** RECORDED INFORMATION **
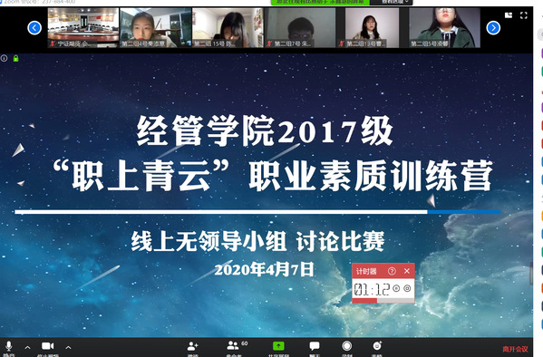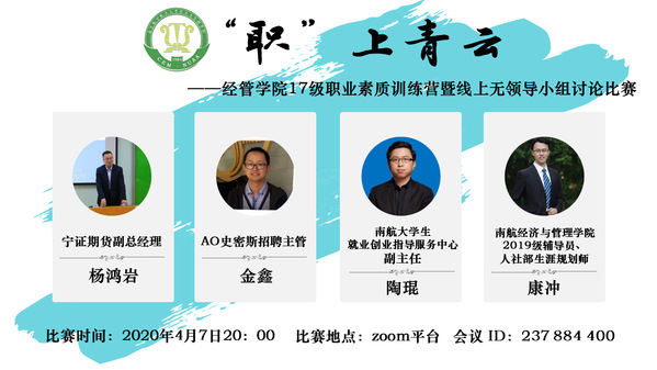 为帮助学生在疫情防控期间,树立正确择业就业观、做好生涯规划、提升求职就业能力,经济与管理学院举办“职上青云”职业素质训练营系列活动。4月7日晚,“职上青云”——无领导小组讨论比赛在zoom网络平台举办,活动吸引百余名2017级本科生参加。本次比赛邀请到宁证期货副总经理杨鸿岩、AO史密斯招聘主管金鑫、我校就业创业指导服务中心副主任陶琨、经管学院2019级辅导员康冲担任评委,对学生求职就业中的常见问题以及如何在无领导小组面试中脱颖而出进行细致讲解和精心指导。
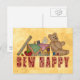 Colorful wordart in red and white paisley patterned material, and a whimsical graphic of a cute bear sitting by an open basket full of sewing tools. The perfect design for yarnoholics and sewing addicts!
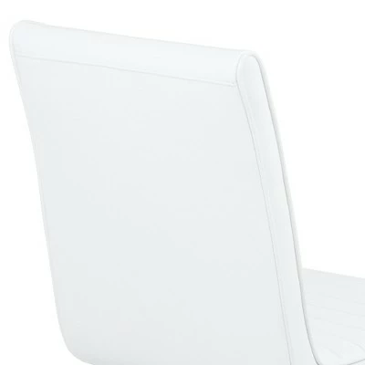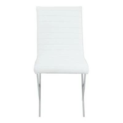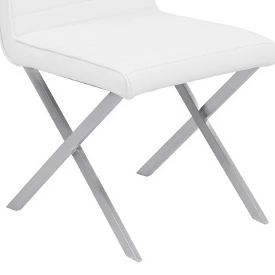 Refresh your dining room aesthetic when you add this Set of Two Tempe Contemporary Dining Chairs from Arven Living. Featuring a cross-leg stainless steel frame with a brushed finish, these upholstered dining chairs easily combine stability and style to give you support whether you place them in the dining room or the living room. The faux-leather upholstery features a padded construction and stitch detailing, lending comfort and style to your dining room furniture that you’ll appreciate whether you’re hosting a dinner party or relaxing around the house.

** WHAT NEEDS TO BE DONE **
Set the whole listing down again unchanged, apart from the pictures, which are omitted.

** RESPONSE **
 为帮助学生在疫情防控期间,树立正确择业就业观、做好生涯规划、提升求职就业能力,经济与管理学院举办“职上青云”职业素质训练营系列活动。4月7日晚,“职上青云”——无领导小组讨论比赛在zoom网络平台举办,活动吸引百余名2017级本科生参加。本次比赛邀请到宁证期货副总经理杨鸿岩、AO史密斯招聘主管金鑫、我校就业创业指导服务中心副主任陶琨、经管学院2019级辅导员康冲担任评委,对学生求职就业中的常见问题以及如何在无领导小组面试中脱颖而出进行细致讲解和精心指导。
 Colorful wordart in red and white paisley patterned material, and a whimsical graphic of a cute bear sitting by an open basket full of sewing tools. The perfect design for yarnoholics and sewing addicts!
 Refresh your dining room aesthetic when you add this Set of Two Tempe Contemporary Dining Chairs from Arven Living. Featuring a cross-leg stainless steel frame with a brushed finish, these upholstered dining chairs easily combine stability and style to give you support whether you place them in the dining room or the living room. The faux-leather upholstery features a padded construction and stitch detailing, lending comfort and style to your dining room furniture that you’ll appreciate whether you’re hosting a dinner party or relaxing around the house.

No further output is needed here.